Note: This article is updated at Threat Modeling Terms and How To Use Them.
I see a lot of confusion over terms when it comes to threat modeling. The terms matter because they shape focus. For example if you confuse threats with attacks, you've limited what you're looking for.
There are the terms we used when we created our How To Threat Model Web Applications:
- Asset. An asset is a resource of value. It varies by perspective. To your business, an asset might be the availability of information, or the information itself, such as customer data. It might be intangible, such as your company's reputation. To an attacker, an asset could be the ability to misuse your application for unauthorized access to data or privileged operations.
- Threat. A threat is an undesired event. A potential occurrence, often best described as an effect that might damage or compromise an asset or objective. It may or may not be malicious in nature.
- Vulnerability. A vulnerability is a weakness in some aspect or feature of a system that makes an exploit possible. Vulnerabilities can exist at the network, host, or application levels and include operational practices.
- Attack (or exploit). An attack is an action taken that utilizes one or more vulnerabilities to realize a threat. This could be someone following through on a threat or exploiting a vulnerability.
- Countermeasure. Countermeasures address vulnerabilities to reduce the probability of attacks or the impacts of threats. They do not directly address threats; instead, they address the factors that define the threats. Countermeasures range from improving application design, or improving your code, to improving an operational practice.
Rather than get caught up in the definitions, you can focus on intent:
- Asset. What do you value? What do you prioritize? What do you not value?
- Threat. What's a potential negative effect or outcome?
- Vulnerability. Where's the weakness? How could a threat be realized?
- Attack. How to take advantage of the weakness?
- Countermeasure. How to plug a hole or reduce the damage?
An example putting this all together would be, my asset is my customer information. My application faces the threat of injection attacks. My application's lack of input validation is a vulnerability. SQL Injection and Cross-site scripting would be attacks. Countermeasures would be validating input and keeping user input out of the control channel.
There's a couple of interesting points here:
- Assets tend to be very much a point of confusion. It's tough to put boundaries here. For example, show me which pages or components you don't want to protect. Do you really have a page or component you don't care about? Is it an asset or not? This is why we moved to identifying security objectives in our threat modeling approach. This was a lot more tangible. Using security objectives also allowed us to incorporate assets without pinning your threat modeling success to you being able to identify your assets. However, assets do have their place. I think they're best use is to identify priorities and values. Do you care more about your shed or your garage? Your garage or your house. OK, let's start w/your house and prioritize there ...
- Attacks tend to be the domain of subject matter experts. We don't expect typical practitioners to know the realm of attack possibilities. That's why we try to provide a picklist where possible.
- Vulnerabilities are your most valuable fallout of your threat modeling exercise. While threats help you see what's within the realm of possibility and to prioritize, vulnerabilities are a clear cut action item. You can use a list of vulnerabilities to drive action. Given enough relevant info, a developer can analyze and address a vulnerability from their code's perspective. Testers can scope their work testing that the developer addressed the vulnerability.

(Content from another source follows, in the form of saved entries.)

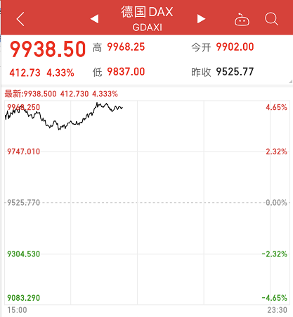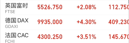 目前(北京时间18:30左右)正在交易的欧洲股市继续大涨,英国股市涨逾2%、德国更是大涨超4%,法过涨逾3%。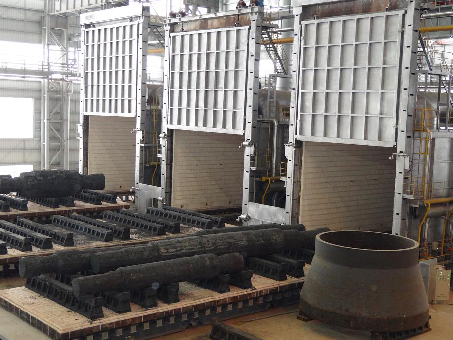 鋁合金淬火爐適用于對(duì)大、中型鋁合金產(chǎn)品零部件的固溶熱處理及時(shí)效處理,由加熱爐罩和移動(dòng)式底架組成的。方形(或圓形)爐罩頂裝有起重機(jī),通過鏈條和掛鉤可將料筐吊至爐膛。爐罩由型鋼支起,底部有氣動(dòng)(或電動(dòng))操作的爐門。位于爐罩下方的底架可沿軌道移動(dòng)、定位,底架上面載有淬火水槽和料筐等。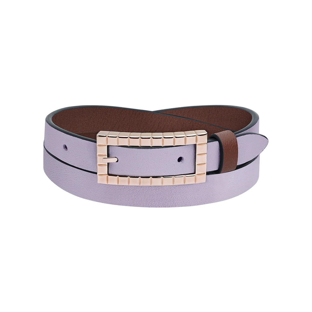 Ice Cube Armband aus Leder in Braun und Lila – wendbar für zwei Looks. Mit hellgoldfarbener Schließe im ikonisch facettierten Design. Modern, vielseitig, stilvoll.

- Countermeasures could also be called mitigations. You mitigate a risk, not a threat though. You can counter an attack. At the end of the day, we went with countermeasures because enough customers liked the idea of being empowered to defend their code against evil doers as well as non-malicous threats. Put it another way, countermeasures resonated with practitioners.
- Threats are particularly interesting. You can slide and dice them many ways. You can also choose classes of threats. For example you may view threats strictly as those with business impact. I think it helps to broaden, yet scope this to negative impact against the confidentiality, integrity, or availability (CIA) of your information system.
What's important in all this is that your security objectives are the ultimate scoping tool and that by understanding the relationships between the terms, you produce more effective results when you threat model.